WORK TASK:
For the material below, output exactly the span from the line with "22.83 in. 3-Light" to the line with "斑马(ZEBRA) LS2208 一维有线条码扫描枪", including both, and nothing besides.

------ DATA IN THIS EXERCISE

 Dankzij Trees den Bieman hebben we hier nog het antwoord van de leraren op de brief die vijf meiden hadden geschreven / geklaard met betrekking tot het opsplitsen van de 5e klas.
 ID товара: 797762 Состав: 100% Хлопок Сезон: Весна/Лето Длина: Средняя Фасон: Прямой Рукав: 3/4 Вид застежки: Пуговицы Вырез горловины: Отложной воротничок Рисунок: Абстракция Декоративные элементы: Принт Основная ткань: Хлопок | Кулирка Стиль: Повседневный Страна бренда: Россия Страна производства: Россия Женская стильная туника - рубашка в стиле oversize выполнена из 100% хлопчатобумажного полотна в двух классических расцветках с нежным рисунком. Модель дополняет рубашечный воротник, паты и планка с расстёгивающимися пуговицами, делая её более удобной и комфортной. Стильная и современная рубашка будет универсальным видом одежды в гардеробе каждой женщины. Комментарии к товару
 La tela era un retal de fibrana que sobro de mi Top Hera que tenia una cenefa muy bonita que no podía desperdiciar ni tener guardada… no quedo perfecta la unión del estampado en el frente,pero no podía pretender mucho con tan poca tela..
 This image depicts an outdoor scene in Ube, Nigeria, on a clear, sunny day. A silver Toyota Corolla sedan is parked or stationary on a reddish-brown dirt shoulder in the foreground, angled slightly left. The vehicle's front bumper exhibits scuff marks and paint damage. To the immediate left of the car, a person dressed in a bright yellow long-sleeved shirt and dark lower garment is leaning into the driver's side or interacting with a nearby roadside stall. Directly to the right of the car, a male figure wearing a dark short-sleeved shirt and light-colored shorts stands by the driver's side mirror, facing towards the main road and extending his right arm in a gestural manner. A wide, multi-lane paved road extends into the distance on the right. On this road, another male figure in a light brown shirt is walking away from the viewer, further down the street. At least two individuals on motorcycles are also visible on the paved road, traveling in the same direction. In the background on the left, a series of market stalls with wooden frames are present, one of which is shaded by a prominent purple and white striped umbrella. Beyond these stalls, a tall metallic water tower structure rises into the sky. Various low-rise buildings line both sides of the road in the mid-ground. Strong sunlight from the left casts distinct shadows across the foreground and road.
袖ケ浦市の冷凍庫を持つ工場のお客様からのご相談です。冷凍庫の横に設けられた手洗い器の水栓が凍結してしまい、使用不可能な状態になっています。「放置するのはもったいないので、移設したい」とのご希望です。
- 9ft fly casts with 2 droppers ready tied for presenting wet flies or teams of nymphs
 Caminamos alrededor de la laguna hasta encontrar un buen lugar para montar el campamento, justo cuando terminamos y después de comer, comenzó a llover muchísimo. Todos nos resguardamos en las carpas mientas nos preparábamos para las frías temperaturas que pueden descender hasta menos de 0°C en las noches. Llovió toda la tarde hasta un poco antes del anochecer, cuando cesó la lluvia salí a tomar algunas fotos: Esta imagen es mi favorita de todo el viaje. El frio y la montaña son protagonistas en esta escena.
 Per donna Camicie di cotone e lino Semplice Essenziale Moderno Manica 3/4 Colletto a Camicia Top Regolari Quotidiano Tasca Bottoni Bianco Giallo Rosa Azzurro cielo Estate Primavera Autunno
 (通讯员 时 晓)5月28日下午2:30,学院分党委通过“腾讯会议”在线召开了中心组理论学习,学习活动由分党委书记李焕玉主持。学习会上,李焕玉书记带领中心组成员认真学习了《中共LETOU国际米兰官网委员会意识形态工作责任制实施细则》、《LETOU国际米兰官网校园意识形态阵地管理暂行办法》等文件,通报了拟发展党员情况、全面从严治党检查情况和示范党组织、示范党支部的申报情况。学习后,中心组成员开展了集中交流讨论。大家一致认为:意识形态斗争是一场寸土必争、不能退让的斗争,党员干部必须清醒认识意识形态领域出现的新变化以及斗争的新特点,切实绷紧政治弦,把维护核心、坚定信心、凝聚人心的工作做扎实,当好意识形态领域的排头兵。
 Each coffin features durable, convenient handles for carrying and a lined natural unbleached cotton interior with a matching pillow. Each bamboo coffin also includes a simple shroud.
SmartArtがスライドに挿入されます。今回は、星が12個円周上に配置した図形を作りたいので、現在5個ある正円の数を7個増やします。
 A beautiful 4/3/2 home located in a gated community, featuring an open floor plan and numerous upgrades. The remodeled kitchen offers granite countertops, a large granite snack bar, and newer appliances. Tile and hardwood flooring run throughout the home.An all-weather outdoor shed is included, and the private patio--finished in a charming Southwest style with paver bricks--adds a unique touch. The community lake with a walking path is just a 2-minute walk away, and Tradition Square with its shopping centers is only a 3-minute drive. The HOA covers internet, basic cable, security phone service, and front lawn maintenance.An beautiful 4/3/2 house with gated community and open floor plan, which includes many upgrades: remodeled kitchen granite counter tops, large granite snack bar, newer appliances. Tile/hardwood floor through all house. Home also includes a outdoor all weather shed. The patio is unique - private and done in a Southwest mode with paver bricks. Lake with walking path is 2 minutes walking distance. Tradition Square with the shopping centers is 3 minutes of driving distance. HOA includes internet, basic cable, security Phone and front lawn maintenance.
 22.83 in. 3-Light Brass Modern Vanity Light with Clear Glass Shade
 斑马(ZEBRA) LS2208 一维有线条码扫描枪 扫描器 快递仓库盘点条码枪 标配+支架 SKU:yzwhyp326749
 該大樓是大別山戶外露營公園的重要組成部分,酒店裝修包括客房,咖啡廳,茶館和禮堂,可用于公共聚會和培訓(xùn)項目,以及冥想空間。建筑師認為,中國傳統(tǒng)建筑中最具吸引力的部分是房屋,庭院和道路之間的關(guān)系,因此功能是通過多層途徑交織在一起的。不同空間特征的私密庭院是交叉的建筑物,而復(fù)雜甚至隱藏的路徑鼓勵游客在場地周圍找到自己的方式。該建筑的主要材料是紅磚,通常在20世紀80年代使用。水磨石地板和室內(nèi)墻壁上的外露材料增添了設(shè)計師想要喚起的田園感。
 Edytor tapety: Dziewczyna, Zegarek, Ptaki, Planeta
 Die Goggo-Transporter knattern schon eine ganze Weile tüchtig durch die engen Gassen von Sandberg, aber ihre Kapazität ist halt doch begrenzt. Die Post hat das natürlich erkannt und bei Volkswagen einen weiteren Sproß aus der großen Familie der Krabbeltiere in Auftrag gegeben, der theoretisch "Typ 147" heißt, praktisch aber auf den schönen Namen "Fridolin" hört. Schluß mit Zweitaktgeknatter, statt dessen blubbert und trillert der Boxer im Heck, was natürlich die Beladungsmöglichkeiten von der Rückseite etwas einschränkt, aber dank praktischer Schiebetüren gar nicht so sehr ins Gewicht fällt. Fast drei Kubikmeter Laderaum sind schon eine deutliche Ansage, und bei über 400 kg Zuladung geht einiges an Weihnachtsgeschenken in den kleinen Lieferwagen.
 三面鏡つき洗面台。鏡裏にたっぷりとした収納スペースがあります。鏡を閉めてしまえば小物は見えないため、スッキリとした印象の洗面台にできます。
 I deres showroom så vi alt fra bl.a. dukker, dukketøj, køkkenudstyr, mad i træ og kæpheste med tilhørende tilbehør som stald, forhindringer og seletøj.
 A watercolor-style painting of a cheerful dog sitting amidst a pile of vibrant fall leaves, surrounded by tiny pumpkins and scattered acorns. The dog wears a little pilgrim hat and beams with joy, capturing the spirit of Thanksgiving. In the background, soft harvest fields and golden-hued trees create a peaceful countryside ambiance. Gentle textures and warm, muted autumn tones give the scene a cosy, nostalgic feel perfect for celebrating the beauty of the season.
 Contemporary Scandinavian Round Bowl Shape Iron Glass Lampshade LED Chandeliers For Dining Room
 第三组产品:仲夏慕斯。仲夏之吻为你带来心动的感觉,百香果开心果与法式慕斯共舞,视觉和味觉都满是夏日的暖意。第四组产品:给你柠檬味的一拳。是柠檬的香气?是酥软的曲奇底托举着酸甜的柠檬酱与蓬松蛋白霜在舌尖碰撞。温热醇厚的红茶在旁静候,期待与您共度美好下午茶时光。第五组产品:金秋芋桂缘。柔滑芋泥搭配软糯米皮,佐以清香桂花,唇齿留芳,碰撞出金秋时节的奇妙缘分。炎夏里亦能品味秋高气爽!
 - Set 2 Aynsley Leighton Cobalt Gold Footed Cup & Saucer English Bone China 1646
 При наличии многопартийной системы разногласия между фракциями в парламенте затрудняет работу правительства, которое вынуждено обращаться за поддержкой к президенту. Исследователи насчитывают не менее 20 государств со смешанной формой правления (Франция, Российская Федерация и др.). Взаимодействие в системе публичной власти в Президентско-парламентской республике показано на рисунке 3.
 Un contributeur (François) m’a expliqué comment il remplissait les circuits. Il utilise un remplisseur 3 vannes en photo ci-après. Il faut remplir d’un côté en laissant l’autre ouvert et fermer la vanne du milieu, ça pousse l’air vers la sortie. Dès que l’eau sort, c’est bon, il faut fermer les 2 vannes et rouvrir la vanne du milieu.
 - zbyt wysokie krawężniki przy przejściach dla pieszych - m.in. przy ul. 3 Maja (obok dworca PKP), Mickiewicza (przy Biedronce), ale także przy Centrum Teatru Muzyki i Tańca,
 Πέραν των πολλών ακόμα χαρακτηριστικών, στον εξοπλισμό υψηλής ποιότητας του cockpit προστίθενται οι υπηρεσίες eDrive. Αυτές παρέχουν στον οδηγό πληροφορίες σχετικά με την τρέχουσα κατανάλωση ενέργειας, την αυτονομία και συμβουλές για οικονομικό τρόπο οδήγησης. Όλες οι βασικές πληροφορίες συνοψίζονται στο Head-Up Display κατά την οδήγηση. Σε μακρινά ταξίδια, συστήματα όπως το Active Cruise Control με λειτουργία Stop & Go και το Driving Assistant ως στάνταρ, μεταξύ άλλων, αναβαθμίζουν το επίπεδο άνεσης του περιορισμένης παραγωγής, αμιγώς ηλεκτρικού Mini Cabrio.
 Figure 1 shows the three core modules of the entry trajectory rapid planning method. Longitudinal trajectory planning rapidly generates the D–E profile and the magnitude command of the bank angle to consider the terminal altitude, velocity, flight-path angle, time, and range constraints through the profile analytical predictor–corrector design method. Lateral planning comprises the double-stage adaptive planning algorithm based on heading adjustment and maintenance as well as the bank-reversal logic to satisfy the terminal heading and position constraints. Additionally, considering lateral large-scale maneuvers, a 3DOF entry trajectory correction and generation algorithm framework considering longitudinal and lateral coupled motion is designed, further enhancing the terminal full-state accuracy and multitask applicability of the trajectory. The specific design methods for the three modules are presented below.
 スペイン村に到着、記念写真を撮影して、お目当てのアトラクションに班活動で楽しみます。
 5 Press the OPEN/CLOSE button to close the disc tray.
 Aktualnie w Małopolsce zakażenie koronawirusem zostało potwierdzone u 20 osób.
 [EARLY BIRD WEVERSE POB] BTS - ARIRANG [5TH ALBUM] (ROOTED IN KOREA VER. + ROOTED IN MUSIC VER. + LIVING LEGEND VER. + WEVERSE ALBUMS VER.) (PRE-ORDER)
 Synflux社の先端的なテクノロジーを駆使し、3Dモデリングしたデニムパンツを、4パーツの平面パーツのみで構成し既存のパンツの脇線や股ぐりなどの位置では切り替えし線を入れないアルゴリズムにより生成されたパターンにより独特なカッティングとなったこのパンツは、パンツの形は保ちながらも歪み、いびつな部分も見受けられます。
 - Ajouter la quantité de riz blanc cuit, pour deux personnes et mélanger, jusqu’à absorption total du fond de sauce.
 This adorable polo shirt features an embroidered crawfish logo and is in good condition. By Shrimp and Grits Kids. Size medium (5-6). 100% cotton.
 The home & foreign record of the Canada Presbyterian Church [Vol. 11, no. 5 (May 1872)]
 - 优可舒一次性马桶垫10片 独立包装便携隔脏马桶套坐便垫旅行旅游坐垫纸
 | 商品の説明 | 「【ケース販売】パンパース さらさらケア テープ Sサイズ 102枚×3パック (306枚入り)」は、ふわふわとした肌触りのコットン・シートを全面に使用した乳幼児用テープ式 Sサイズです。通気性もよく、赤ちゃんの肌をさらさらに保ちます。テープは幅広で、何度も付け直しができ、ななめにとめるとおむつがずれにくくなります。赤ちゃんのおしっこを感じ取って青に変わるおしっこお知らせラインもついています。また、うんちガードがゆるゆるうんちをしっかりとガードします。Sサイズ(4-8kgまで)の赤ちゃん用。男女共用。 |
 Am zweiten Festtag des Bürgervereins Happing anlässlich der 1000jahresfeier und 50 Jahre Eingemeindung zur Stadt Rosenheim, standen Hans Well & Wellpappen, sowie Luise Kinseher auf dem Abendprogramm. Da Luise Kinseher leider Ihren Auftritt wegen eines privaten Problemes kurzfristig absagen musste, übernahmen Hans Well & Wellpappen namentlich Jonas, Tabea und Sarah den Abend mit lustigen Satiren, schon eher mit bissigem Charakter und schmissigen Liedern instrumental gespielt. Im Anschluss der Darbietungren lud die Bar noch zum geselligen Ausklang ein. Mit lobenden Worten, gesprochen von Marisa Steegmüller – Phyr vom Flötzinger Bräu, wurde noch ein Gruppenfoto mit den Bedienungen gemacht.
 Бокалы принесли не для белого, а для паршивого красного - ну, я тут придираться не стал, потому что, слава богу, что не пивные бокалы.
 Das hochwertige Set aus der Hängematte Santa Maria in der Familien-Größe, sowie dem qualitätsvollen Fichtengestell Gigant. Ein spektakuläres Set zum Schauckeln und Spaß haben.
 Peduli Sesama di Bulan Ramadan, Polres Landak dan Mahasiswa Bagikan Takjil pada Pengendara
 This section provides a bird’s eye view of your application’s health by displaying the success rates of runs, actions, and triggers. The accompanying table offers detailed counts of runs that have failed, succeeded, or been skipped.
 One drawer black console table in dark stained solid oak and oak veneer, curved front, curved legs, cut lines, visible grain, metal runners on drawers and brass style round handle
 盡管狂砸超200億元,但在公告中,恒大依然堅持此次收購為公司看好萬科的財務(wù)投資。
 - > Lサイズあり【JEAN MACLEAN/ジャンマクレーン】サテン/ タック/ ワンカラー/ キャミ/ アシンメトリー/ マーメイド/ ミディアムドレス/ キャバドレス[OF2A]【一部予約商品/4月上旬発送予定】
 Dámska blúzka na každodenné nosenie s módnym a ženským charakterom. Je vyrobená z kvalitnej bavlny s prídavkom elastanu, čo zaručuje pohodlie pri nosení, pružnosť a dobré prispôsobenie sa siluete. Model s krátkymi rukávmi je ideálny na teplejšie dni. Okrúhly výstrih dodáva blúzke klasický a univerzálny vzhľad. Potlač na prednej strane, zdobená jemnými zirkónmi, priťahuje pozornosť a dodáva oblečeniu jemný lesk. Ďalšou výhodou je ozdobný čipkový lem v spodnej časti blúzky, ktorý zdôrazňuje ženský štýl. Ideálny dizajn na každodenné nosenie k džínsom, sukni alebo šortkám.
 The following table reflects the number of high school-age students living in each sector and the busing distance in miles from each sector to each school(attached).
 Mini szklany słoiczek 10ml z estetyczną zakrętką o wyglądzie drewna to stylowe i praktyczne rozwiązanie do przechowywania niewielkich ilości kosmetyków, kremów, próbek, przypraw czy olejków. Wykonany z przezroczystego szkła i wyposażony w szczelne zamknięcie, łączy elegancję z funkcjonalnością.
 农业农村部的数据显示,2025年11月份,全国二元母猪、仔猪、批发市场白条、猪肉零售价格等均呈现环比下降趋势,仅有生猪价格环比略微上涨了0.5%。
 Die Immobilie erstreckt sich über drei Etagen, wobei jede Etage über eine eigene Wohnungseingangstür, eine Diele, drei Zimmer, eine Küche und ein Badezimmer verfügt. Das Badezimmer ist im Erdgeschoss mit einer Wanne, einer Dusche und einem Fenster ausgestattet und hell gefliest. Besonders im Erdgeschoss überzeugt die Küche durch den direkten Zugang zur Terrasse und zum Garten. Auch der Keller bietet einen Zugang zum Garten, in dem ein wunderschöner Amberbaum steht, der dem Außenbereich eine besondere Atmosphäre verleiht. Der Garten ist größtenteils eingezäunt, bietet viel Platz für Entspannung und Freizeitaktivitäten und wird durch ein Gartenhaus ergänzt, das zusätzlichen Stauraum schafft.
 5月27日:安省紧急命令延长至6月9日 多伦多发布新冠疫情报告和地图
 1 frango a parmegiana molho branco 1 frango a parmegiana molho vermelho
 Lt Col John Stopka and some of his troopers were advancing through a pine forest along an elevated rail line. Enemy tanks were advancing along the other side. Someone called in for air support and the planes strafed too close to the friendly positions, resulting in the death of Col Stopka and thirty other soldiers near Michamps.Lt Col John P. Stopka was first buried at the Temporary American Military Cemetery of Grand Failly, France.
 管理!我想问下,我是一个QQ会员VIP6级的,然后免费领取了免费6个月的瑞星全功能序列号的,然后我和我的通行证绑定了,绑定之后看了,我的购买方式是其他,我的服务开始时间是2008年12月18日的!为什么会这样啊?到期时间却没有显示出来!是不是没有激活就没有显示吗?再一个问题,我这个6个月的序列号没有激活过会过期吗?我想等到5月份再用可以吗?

------------

EXERCISE SOLUTION:
 22.83 in. 3-Light Brass Modern Vanity Light with Clear Glass Shade
 斑马(ZEBRA) LS2208 一维有线条码扫描枪 扫描器 快递仓库盘点条码枪 标配+支架 SKU:yzwhyp326749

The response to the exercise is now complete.